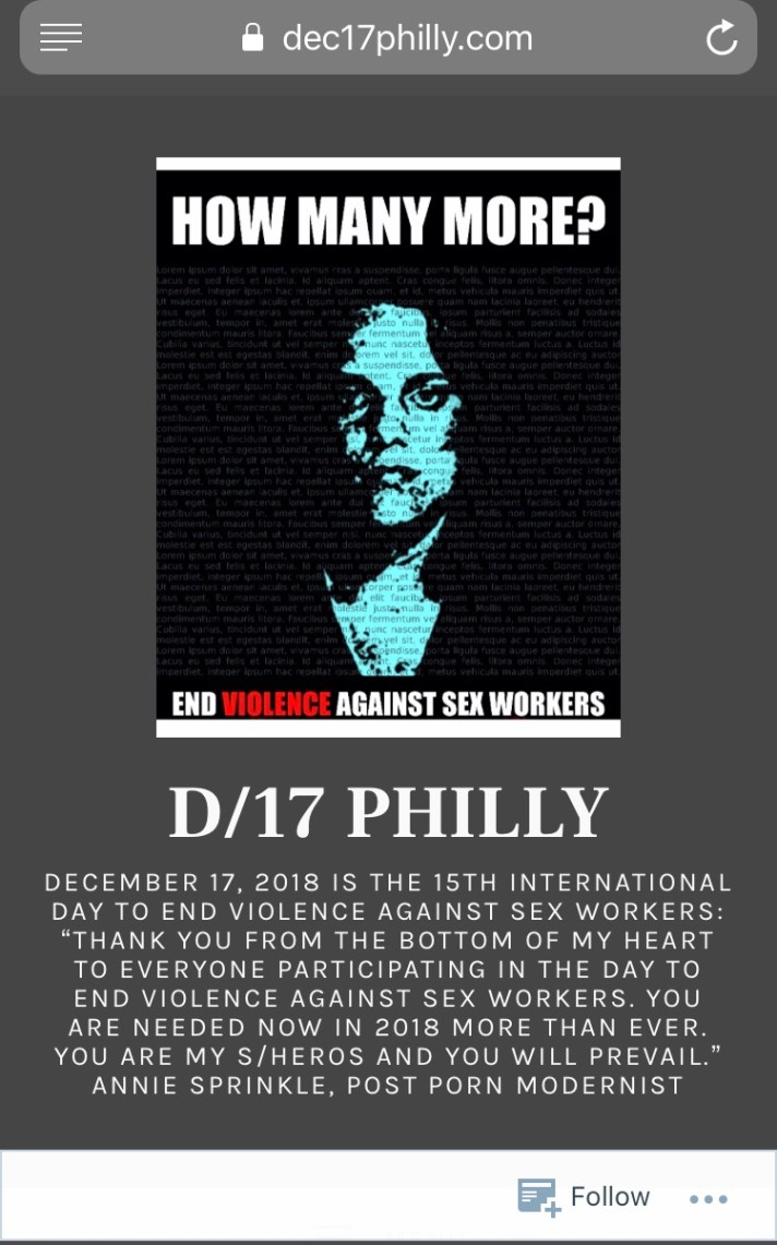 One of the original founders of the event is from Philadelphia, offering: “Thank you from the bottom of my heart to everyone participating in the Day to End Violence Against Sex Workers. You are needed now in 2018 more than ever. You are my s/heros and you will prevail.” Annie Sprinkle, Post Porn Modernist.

--

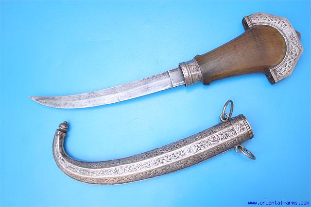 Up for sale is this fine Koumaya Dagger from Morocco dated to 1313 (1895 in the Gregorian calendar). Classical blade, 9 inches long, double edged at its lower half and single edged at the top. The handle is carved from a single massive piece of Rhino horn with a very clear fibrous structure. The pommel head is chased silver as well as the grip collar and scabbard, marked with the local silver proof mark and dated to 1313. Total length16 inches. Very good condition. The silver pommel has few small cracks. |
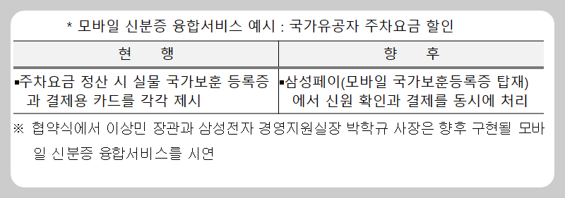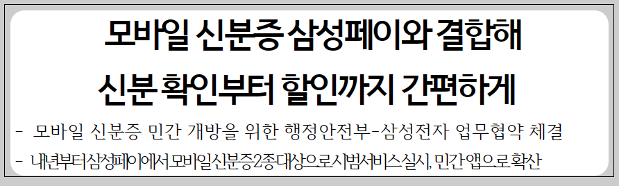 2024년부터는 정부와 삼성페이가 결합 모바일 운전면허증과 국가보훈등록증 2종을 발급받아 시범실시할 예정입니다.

---

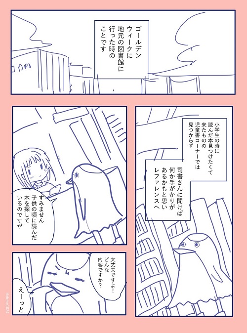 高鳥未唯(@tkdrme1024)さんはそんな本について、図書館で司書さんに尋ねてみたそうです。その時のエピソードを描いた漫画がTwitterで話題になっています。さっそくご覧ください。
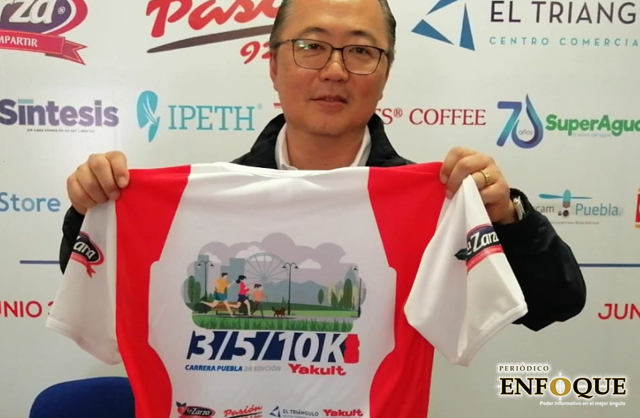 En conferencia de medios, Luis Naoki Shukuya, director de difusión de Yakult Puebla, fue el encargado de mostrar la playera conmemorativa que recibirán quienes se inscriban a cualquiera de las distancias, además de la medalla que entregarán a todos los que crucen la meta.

### TASK DETAILS
Using the records above, repeat exactly the run of lines that starts with the line with "Up for sale" and goes on through the line with "2024년부터는 정부와 삼성페이가"; omit each picture.

### ANSWER TO THE PROBLEM
 Up for sale is this fine Koumaya Dagger from Morocco dated to 1313 (1895 in the Gregorian calendar). Classical blade, 9 inches long, double edged at its lower half and single edged at the top. The handle is carved from a single massive piece of Rhino horn with a very clear fibrous structure. The pommel head is chased silver as well as the grip collar and scabbard, marked with the local silver proof mark and dated to 1313. Total length16 inches. Very good condition. The silver pommel has few small cracks. |
 2024년부터는 정부와 삼성페이가 결합 모바일 운전면허증과 국가보훈등록증 2종을 발급받아 시범실시할 예정입니다.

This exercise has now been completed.